Chess & Shogi with General Reinforcement Learning Algorithm

Chess & Shogi with General Reinforcement Learning Algorithm
Chess & Shogi with General Reinforcement Learning Algorithm

Chess is a strategy game played by two players on a board which is very popular worldwide. It has 64 squares arranged in an 8×8 square grid with the concept of winning the space by two kings with his whole army.

At the last, only one king is left or the match is either drawn. You can see all the rules here. Chess is derived from the Indian ancient game named Chaturanga.

FIDE organised the first official Chess Olympiad in 1927 in which there were 16 participating countries. By the 29th Chess Olympiad in 1990, there were 127 member countries. The Chess Olympiads were held at irregular intervals by FIDE until 1950; since then, they have been held regularly every two years. So, development of various machine learning model led to the curiosity of development of such an ML model that can think of the next move in order to win the game this led the researcher to develop a program that is not hard-coded but an actual machine learning model.

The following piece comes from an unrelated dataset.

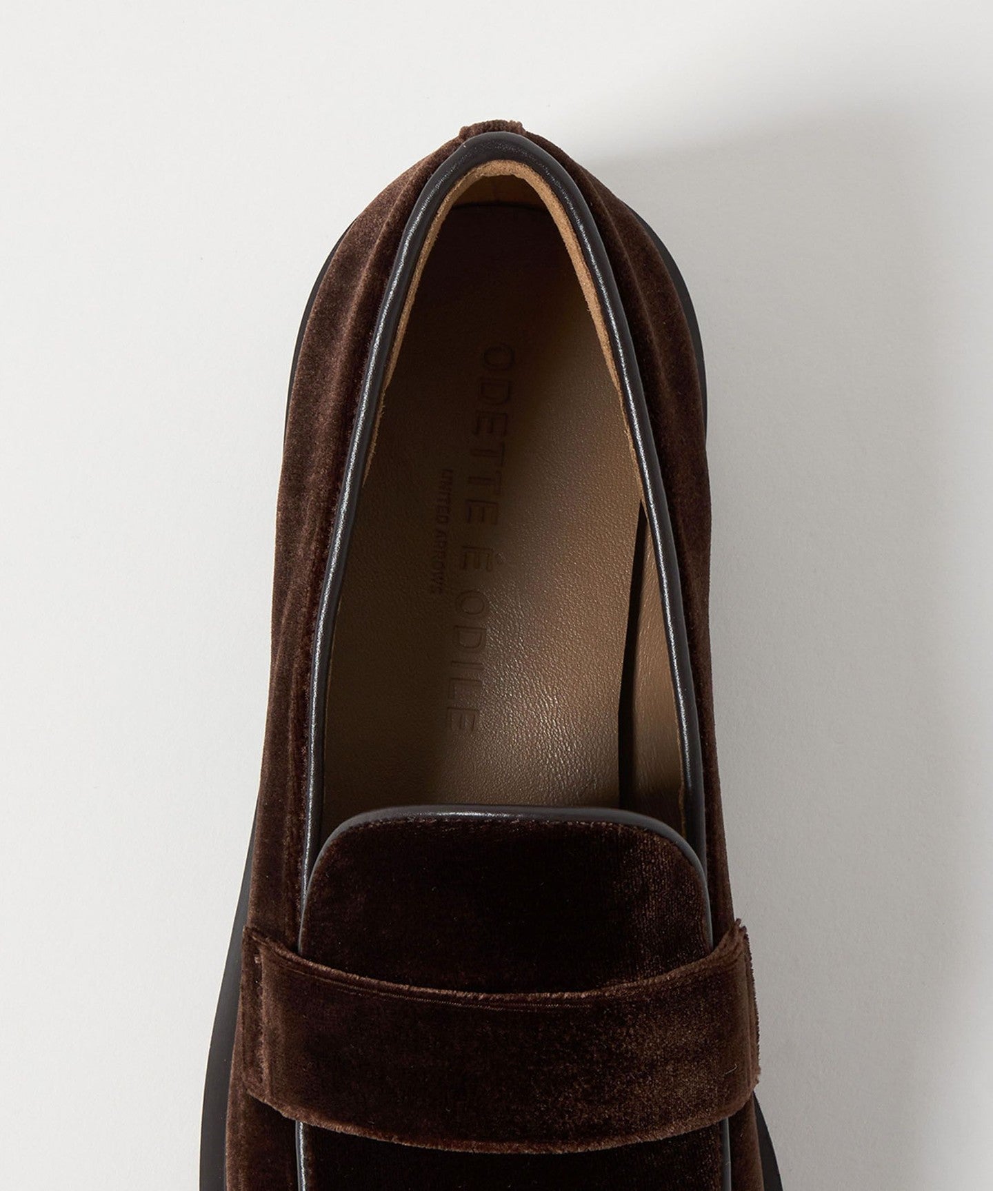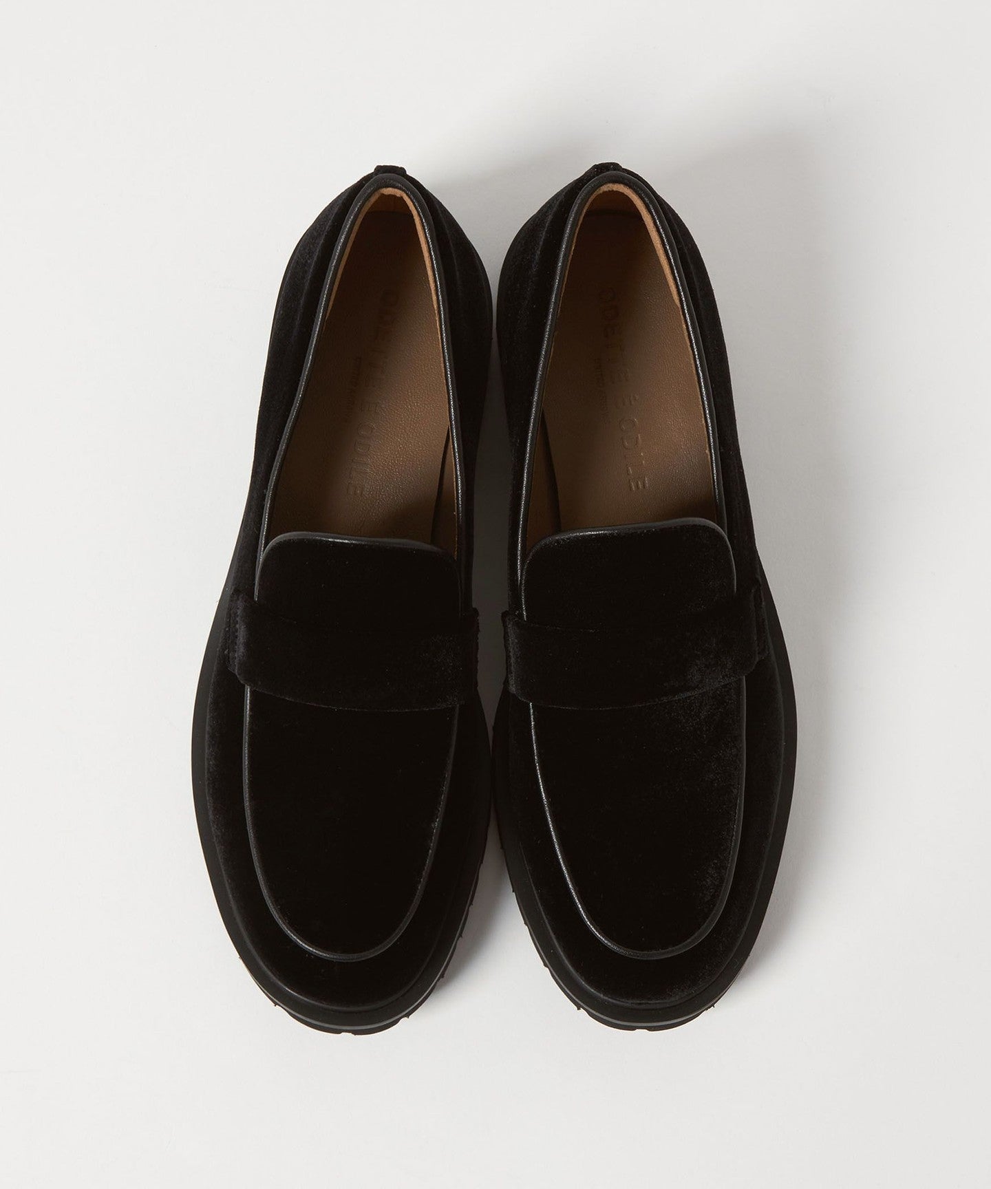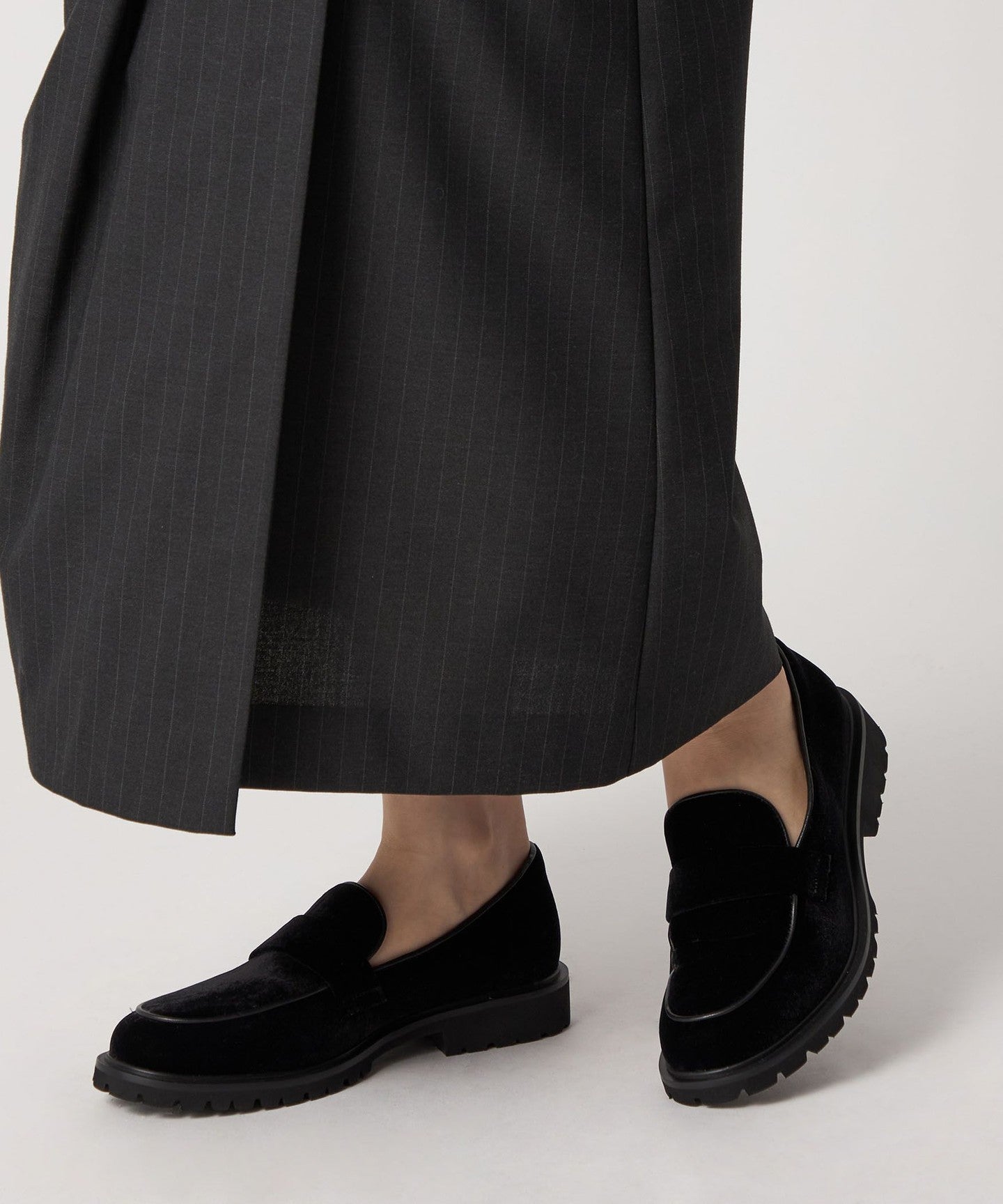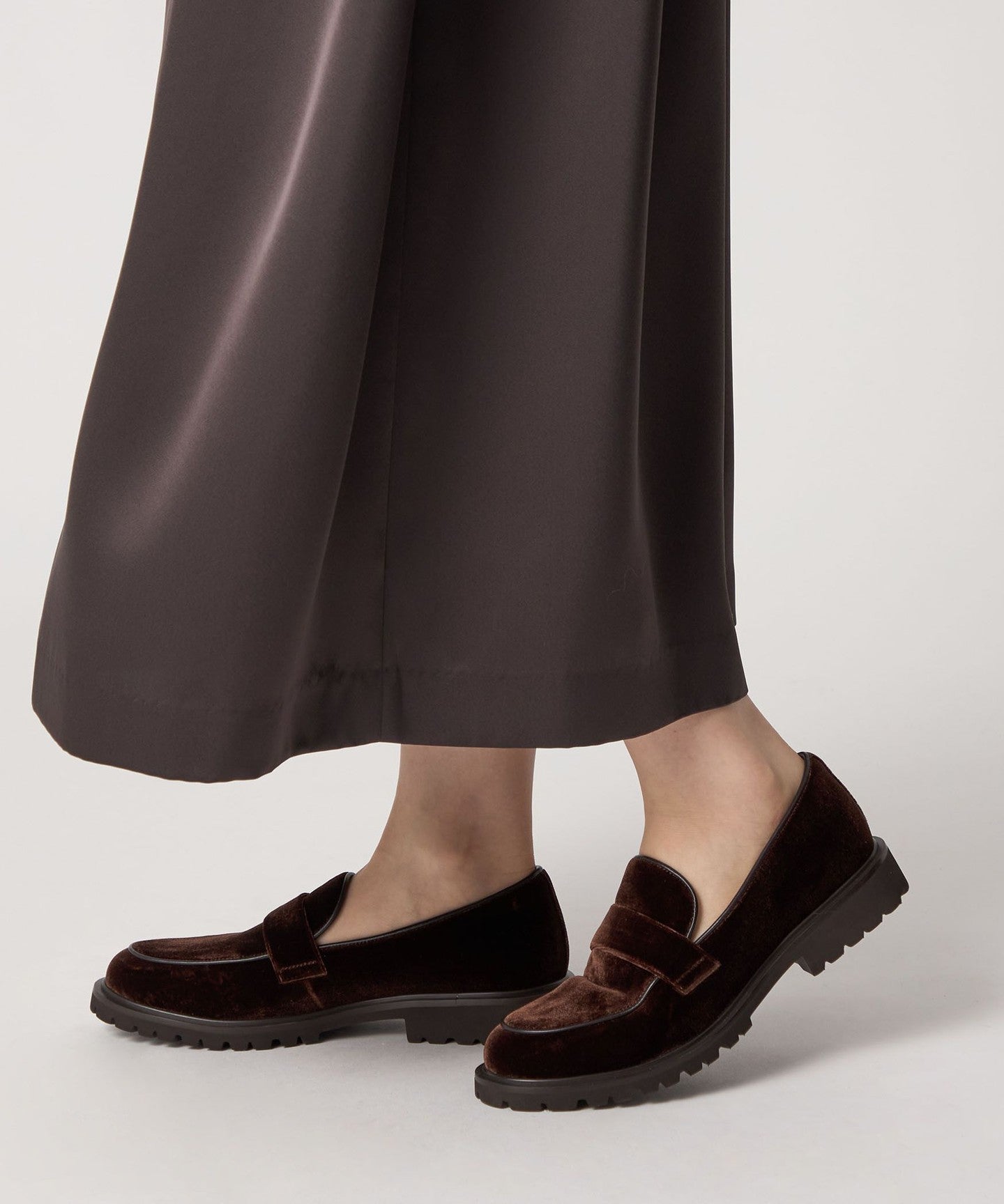 These casual flats combine an authentic loafer design with velvet fabric and a subtle tank sole, adding a touch of elegance and playfulness.

Shogi is also a strategy Japanese board game that is played with two players, it is also known as Japanese Chess or Game of Generals. Two players face each other across a board composed of rectangles in a grid of 9 ranks (rows) by 9 files (columns) yielding an 81 square board. Chaturanga is known to be transmitted to be from India to Japan via China, and thus the theme remained the same with some difference in-game rules and model.

In older days chess and shogi were hard-coded which runs on various algorithms (tree based), but after development of computational power of processing chips various machine learning algorithms and models got developed at faster rate. And so, with new algorithms various researcher came with various models for several games.

In 2015 google showcased a new AI named Alpha Go that on its first match defeated the Go champion players and won the championship with 5-0. Alpha Go trained itself by playing with the professionals. AlphaGo then competed against legendary Go player Mr Lee Sedol, who is widely considered the greatest player of the past decade. AlphaGo’s 4-1 victory in Seoul, South Korea, in March 2016 was watched by over 200 million people worldwide, he even invented some of the moves.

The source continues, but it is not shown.